Global Hunger Fight Means No Biofuel

Food supplies have shifted rapidly from surplus to shortage, and the United Nations has again warned about the heightened risks of world hunger. Since the time of the Pharaohs, governments have intervened to balance food supplies. But right now, those policies are making things worse.

April 1, 2023 | Source: Reuters | by Henry Boucher

Food supplies have shifted rapidly from surplus to shortage, and the United Nations has again warned about the heightened risks of world hunger. Since the time of the Pharaohs, governments have intervened to balance food supplies. But right now, those policies are making things worse.

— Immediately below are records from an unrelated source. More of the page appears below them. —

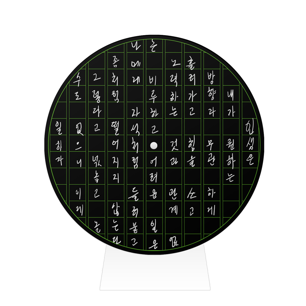 원고지가 원이라 방사형으로 작업한 것도 있고 이 것은 말머리로 다른 숨은 의도의 문장을 만드는데 사용할 수 있으리라 생각됩니다. 수평, 수직의 원고지를 만든 이유는 칼선 하나 따서 최대한 이용하려는 시도 정도라고 보시면 됩니다.
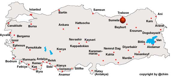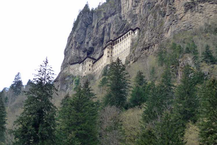 Das Kloster Sumela ist auch unter dem Namen "Marienkloster" bekannt und liegt 37 km südlich von Trabzon im Distrikt Maçka in einer alpenländlich anmutenden Umgebung. Es zählt zu den bedeutendsten heiligen Orte der orthodoxen Kirche in Anatolien. Die Gründung des Klosters im Jahre 385 n. Chr. ist auf zwei aus Athen kommende Mönche zurückzuführen. Sie sollen der Sage nach eine vom Evangelisten Lukas gemalte heilige Ikone der Heiligen Mutter Maria in der Felsenhöhle versteckt haben. Nach der Eroberung dieser Gegend im Jahre 1461 durch osmanische Truppen hielt das Kloster seinen Betrieb aufrecht und wurde weiterhin zu religiösen Zwecken genutzt. Im Osmanischen Reich war das Felsenkloster einer der wichtigsten orthodoxen Wallfahrtsorte. Seit dem Jahr 1972 ist es als Nationaldenkmal unter Schutz gestellt und für den Besuch geöffnet. Heute wird das Kloster hauptsächlich von orthodoxen Christen besucht. Leider sind die Fresken aus dem 14. Jahrhundert stark beschädigt. Das Kloster wurde 1922 verlassen und kurze Zeit später durch Feuer stark beschädigt. Religiöse Fanatiker und moderne Touristen trugen zur weiteren Zerstörung bei. 1972 wurde es von der türkischen Regierung als Nationalerbe unter Schutz gestellt wurde und steht seither Besuchern offen. In den letzten Jahren erfolgten umfangreiche Restaurierungsarbeiten. |
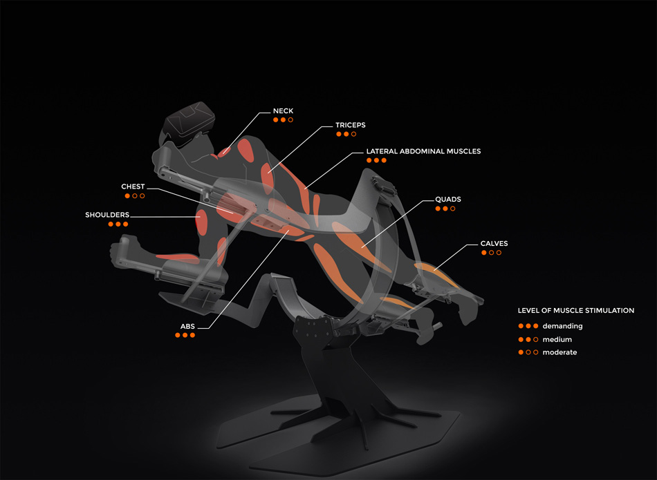 ICAROS นั้นมีลักษณะคล้ายกับเครื่องบังคับขนาดใหญ่ที่คุณจะต้องโน้มตัวนอนคว่ำลงไปกับมันโดยที่ไม่มีอะไรรองรับช่วงลำตัว แต่จะมีที่รองรับเท้า หัวเข่าแขนท่อนล่าง และด้ามสำหรับมือจับ โดยกลไกของตัวเครื่องนั้นจะทำหน้าที่เอนตัวซ้าย-ขวา เงยขึ้น-กดลง ตามการควบคุมของคุณจากการเอนตัวหรือกดน้ำหนัก ซึ่งนี่แหละครับคือการบังคับให้ร่างกายของคุณเกร็งตัวและใช้กล้ามเนื้อส่วนต่างๆ ในการควบคุมสมดุลของอุปกรณ์ตัวนี้ให้ได้ แต่ถ้าจะควบคุมเพื่อให้ทรงตัวอยู่บนเครื่องเฉยๆ นั้นคงจะไม่สนุกเท่าไหร่ ICAROS จึงมาพร้อมแอพพลิเคชั่นใน Samsung Gear VR (และจะรองรับระบบอื่นๆ ด้วย) ซึ่งให้คุณออกกำลังกายผ่านการเล่นเกมจำลองต่าง ๆ
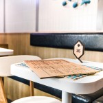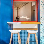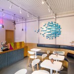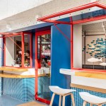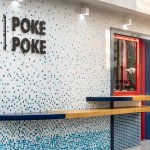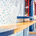 The client’s brief challenged the designers to create a modern eatery that reflects the Ha-waiian origins of its food within the constraints of the small space. STUDIO DOHO created outdoor bar counters that transition into the ordering area, while linking the interior and exterior space. The counter-tops with a colorful surfboard tip to integrate them into the façade. The storefront was designed with a gradient tile mosaic that transitions from ocean blue to white, adding color to the streetscape.
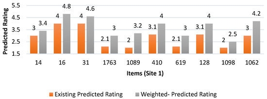 By employing the concept of data source weighting, the significance of regional patterns has been effectively captured, resulting in the proposed method achieving a superior predicted rating for all sub-global recommendations. Similarly, the effectiveness of the proposed weighted predicted rating method has been demonstrated for locally recommended items. These items are exclusively voted on within specific participatory data sources. Despite their infrequent occurrence, their implications are substantial for inter-state business organizations, particularly in terms of cost-benefit analysis. These local patterns are distinctive, with their marketability being high only on select platforms. Therefore, their predicted rating must be calculated by assigning an appropriate weight based on their participation relative to the turnover of the respective platform. The local recommended patterns, along with a comparison of predicted ratings in the participatory sites S1, are depicted in Figure 5.

With shipping disrupted in the Black Sea, wheat exports from Russia and Ukraine, respectively the first and fifth largest producers, continue to be severely curtailed. Yet while war has intensified food inflation, the hunger crisis has been building for longer, accelerated by climate change and Covid-19. The pressures extend beyond Black Sea supplies, with food security crises brewing in South America, Asia and Africa.

Since 2019, the U.N. Food and Agriculture Organization’s Food Price Index has risen by 58% to an all-time high, and prices of wheat and maize have doubled. The number of people facing acute food insecurity has more than doubled over this period, according to the World Food Programme, and 44 million people in 38 countries are at risk of famine.